From then on however its just very plain and indistinctive gunfights for the rest of the film up until the bike chase. This felt more like a Woo film clone than something by the master himself because there aren't any tricks Woo hasn't done countless times before - WAY too much use of slow motion, kids singing a nursery rhyme to add more depth (ring-a-ring-a-rosy refers back to a symptom of the Black Plague), the unneeded use of some animal to make a scene more visually stylish (Woo seems to love doves...no, I don't mean THAT way), and the obligatory mythological reference (the names 'Chimera' and 'Belleraphon' were said about 30 times, 20 too many). "Face/Off" used all those tricks (eg. Castor & Pollux) but more subtlety and with better effect, but one hopes Woo would've tried something new.
Cruise is back in the formula which makes him famous and does his usual good job in it. Thandie Newton is a surprisingly stunning beauty and the physical chemistry between her and Cruise is good, but the way the love story is written is weak.
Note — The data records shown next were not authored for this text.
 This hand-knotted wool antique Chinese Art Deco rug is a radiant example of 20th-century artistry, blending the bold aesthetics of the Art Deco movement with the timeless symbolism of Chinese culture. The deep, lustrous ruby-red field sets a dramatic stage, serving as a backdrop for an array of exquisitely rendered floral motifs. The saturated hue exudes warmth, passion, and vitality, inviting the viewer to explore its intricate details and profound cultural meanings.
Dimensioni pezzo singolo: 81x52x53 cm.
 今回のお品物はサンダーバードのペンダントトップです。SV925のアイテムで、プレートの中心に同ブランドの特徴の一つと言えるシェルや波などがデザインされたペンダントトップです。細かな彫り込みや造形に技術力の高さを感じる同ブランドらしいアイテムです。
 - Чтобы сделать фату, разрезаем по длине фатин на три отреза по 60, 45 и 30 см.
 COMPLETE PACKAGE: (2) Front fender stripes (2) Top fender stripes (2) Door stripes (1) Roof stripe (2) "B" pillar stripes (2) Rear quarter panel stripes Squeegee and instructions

The whole sub-plot involves the pair falling in love and her agreeing to be a part of the mission - and does all that within the film's first 15-20 minutes, why chose such a rushed and unbelievable plot when blackmail, amnesty or money would've been a far more effective and credible motive (she is a thief after all).
Scott is a surprisingly good baddie, the actor gives that little more oomph to a totally one-dimensional villain whose never really explained or explored, especially his rivalry with Ethan. Ving Rhames and John Polson, two talented actors are stuck spending most of their time on laptops or in helicopters and are secondary characters at best, a waste of good talent as is Richard Roxbrough - one of the finest actors in the country stuck sprouting a handful of lines in a poor South African accent as Ambrose's main henchman. Its no surprise then that Anthony Hopkins' brief cameo easily becomes a highlight - trouble is his best lines are all used in the trailer.
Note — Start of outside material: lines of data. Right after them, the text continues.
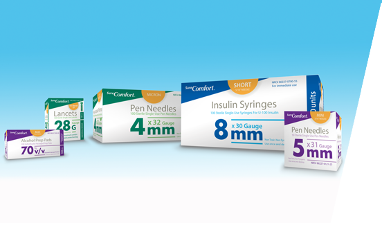 SureComfort diabetic products offer the largest variety of needle lengths and gauges available on the market. Striving to ensure we provide the products that fit your personal needs and life style with convenience, value and comfort.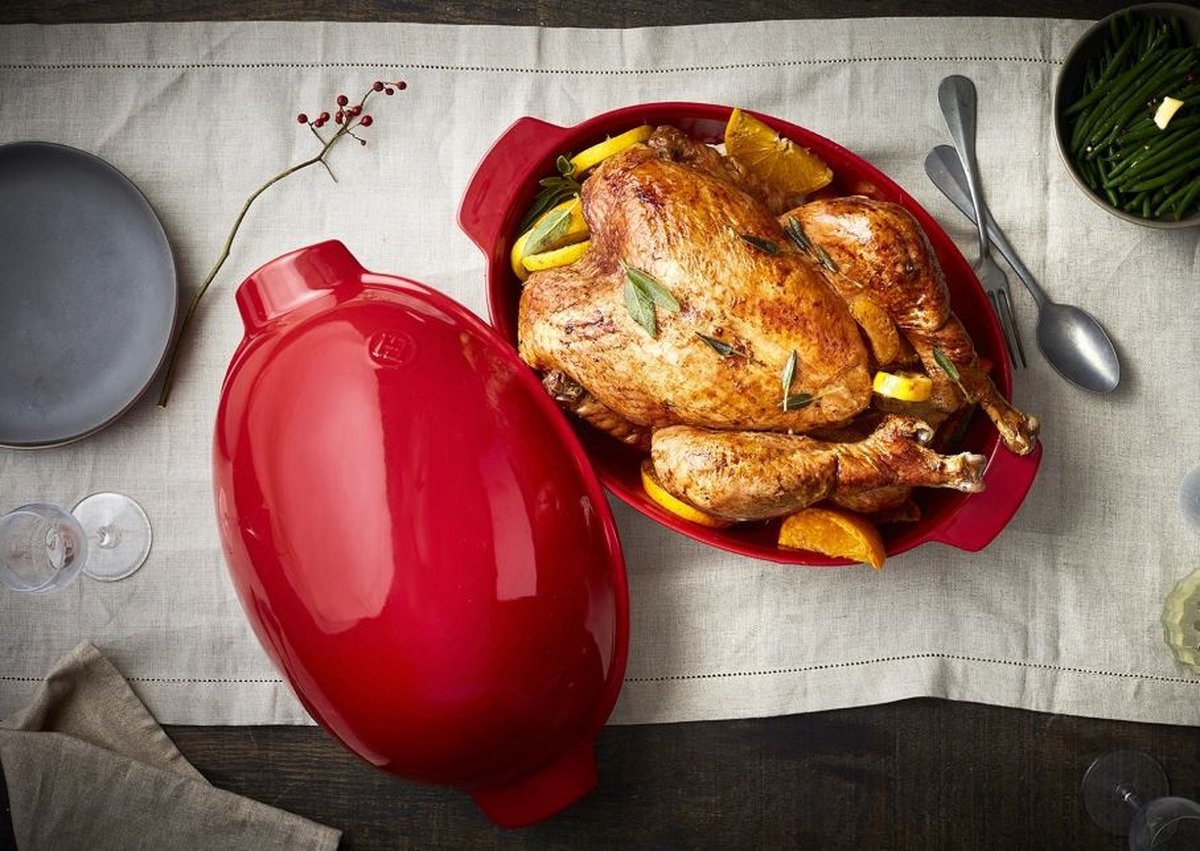 - 1× Emile Henry Roaster Chicken Grand Cru 42 × 28 cm (8 L)
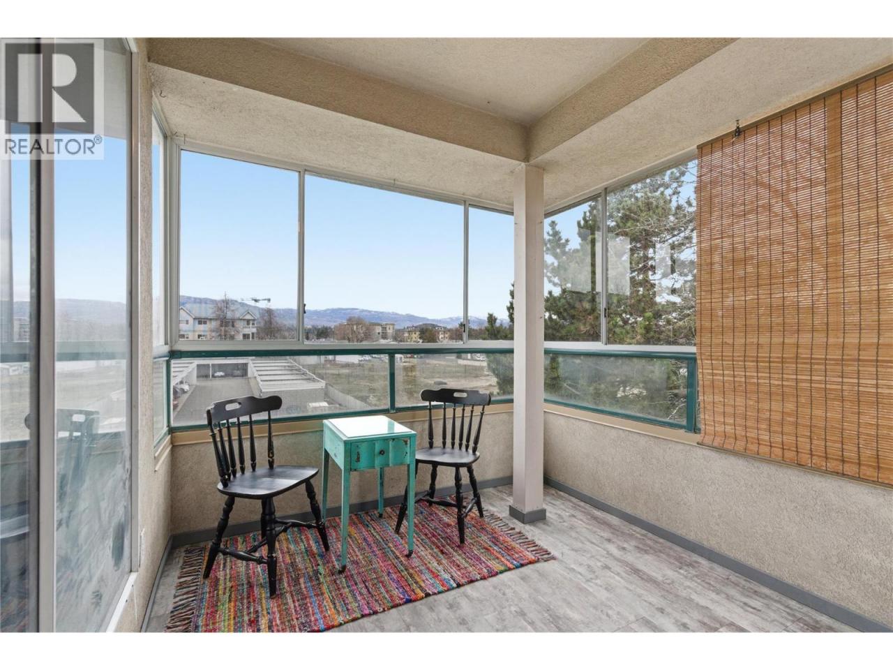 TOP-FLOOR CORNER UNIT in La Sierra, offering an abundance of natural light & beautiful mountain views. Tucked away on a quiet cul-de-sac, this 2-bed, 2-bath condo has been thoughtfully renovated & is move-in ready. The bright, open kitchen features crisp white cabinetry & overlooks the inviting living room, creating a functional space for everyday living & entertaining. Just off the kitchen, the dining area comfortably accommodates a table for 6. A smart layout places bedrooms on opposite ends of the unit, offering extra privacy. The spacious primary bedroom includes a full 4-piece ensuite, while the 2nd bedroom & full bathroom right beside it provide flexibility for guests, an office, or a home gym - the choice is yours. Enjoy your morning coffee or relax in the evening in the enclosed sunroom, surrounded by windows that showcase the views. Additional highlights include a large in-suite laundry room, secure underground parking, & a separate storage unit. Located in a highly walkable area, you'll appreciate having great restaurants & everyday services close at hand. This home also offers very quick access to midtown & the airport. It is close to downtown Kelowna, schools & playgrounds, & it's situated on the transit loop. One dog with a shoulder height of up to 22"", or 2 cats are allowed, making it a great option for pet owners. For more information, please visit our website. Don't miss this fantastic Kelowna opportunity! Book your private showing today. (id:6769)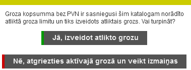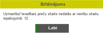 Piezīme! Brīdinājuma paziņojumā attēlo informāciju par grozā pirmo (augstāk esošo) preci, kurai vienību skaits nedalās ar preces informācijā norādīto vienību skaitu iepakojumā.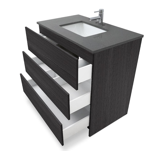 Element 36 in. W x x 22 in. D x 35 in. H Single Sink Bath Vanity in Dark Ebony with Galaxy Grey Quartz Top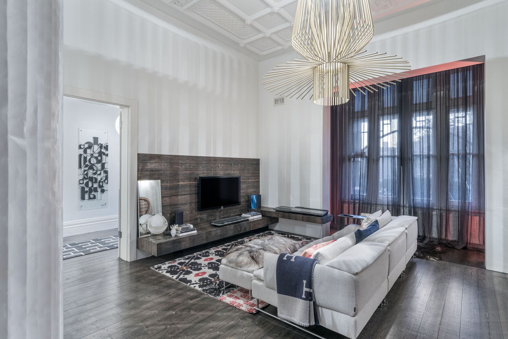 Brought to life by magnificently detailed 4.3m ceilings, a fluid lower level enjoys an ambiance of quiet refinement and distinction, with Multiplicity’s inspired ballroom reimagining artistically blending old and new. Dark timber floors merge with warm herringbone oak, with a vast main lounge and bedroom augmented by paired Italian pendant lights and full-height sheer curtains. Positioned around a focal leaning wall, a skylit ensuite and separate bath area complement an expansive Poliform dressing room, while a chic central bathroom serves a sun-soaked second bedroom with tranquil garden outlooks.

As I live in Sydney I have a good perspective on one aspect - I can definitely say the film makes good use of the city with a lot of great flybys and brief flashes of some nice places in and around it (Darling Harbor, Martin Place, Randwick Racecourse, etc.), along with a great fight sequence set against the sea cliffs that line the outer harbour. On the other hand a lot of the longer sequences aren't so impressive - mostly due to being interiors which could've been shot anywhere.
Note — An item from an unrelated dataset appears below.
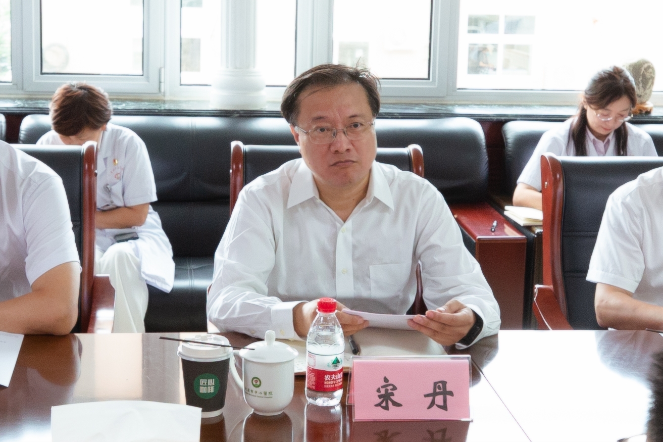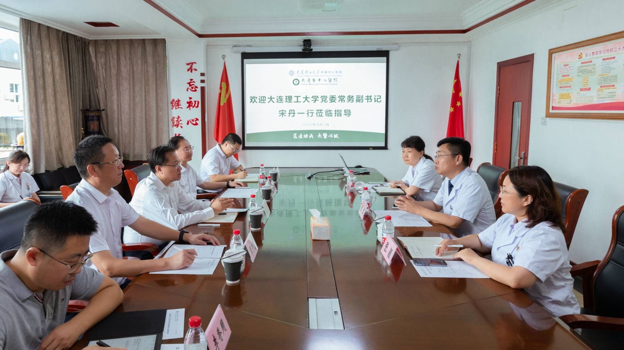慰问活动后,宋丹一行与中心医院领导班子及相关部门负责人进行了座谈,就中心医院作为大学直属附属医院如何高质量发展和做好临床医学学科建设展开深入研讨。宋丹代表大连理工大学党委充分肯定了附属中心医院在高质量发展进程中取得的成绩,对医院的未来发展前景充满信心。他表示,附属中心医院作为大连理工大学的重要组成部分,与大学应建立紧密的共融共生关系,大学会大力加强对医院的支持,确保医院在发展上符合学校的总体规划和战略目标,附属医院承担着医学教育和科研的重要责任,是大学医学研究成果转化的重要平台,也体现在文化传承和社会责任上。双方要积极推进医工交叉合作项目,大力加强高水平人才的引进,高度重视医学研究与成果转化,通过相互协作,实现互利共赢。他强调,双方应建立良好的工作机制,加强沟通交流,及时解决合作中出现的问题。他希望附属中心医院能够在高质量发展的道路上加速前行,进一步助力大连理工大学一流大学建设,更好地为广大市民提供优质医疗服务,为健康大连贡献更大力量。

Why set a chase scene on some low-traffic country road when downtown Sydney would be so much more impressive. Why surveil Nadia from some shed way off in the Outback when a 4-star hotel room a block away would've been more logical. The plot holes are quite numerous, but at least it's an American film which for once has a realistic look at Sydney rather than perpetuating the "kangaroos hopping down Main Street, koalas in every tree" crap which stuff like "Crocodile Dundee" seems to indulge in. The city hasn't looked this good on film since "The Matrix".
Kudos should also go the FX people on the movie, with the frequently used 'fake mask' trick used to almost flawless effect on numerous occasions. In any case as Summer films go this is very standard fare. Those expecting a popcorn no brainer action flick with a simple plot will probably find the first half a little slow but enjoy the rest.
Those hoping for a solid flick using the full talents of people like Woo, Cruise, Rhames, etc. will sadly be disappointed. Its no "Gladiator", but certainly no "Battlefield: Earth" either. Makes one hope that with M:I-3 there'll be a more solid script with a decent story and characters to use. For now though, its an enjoyable way to spend two hours.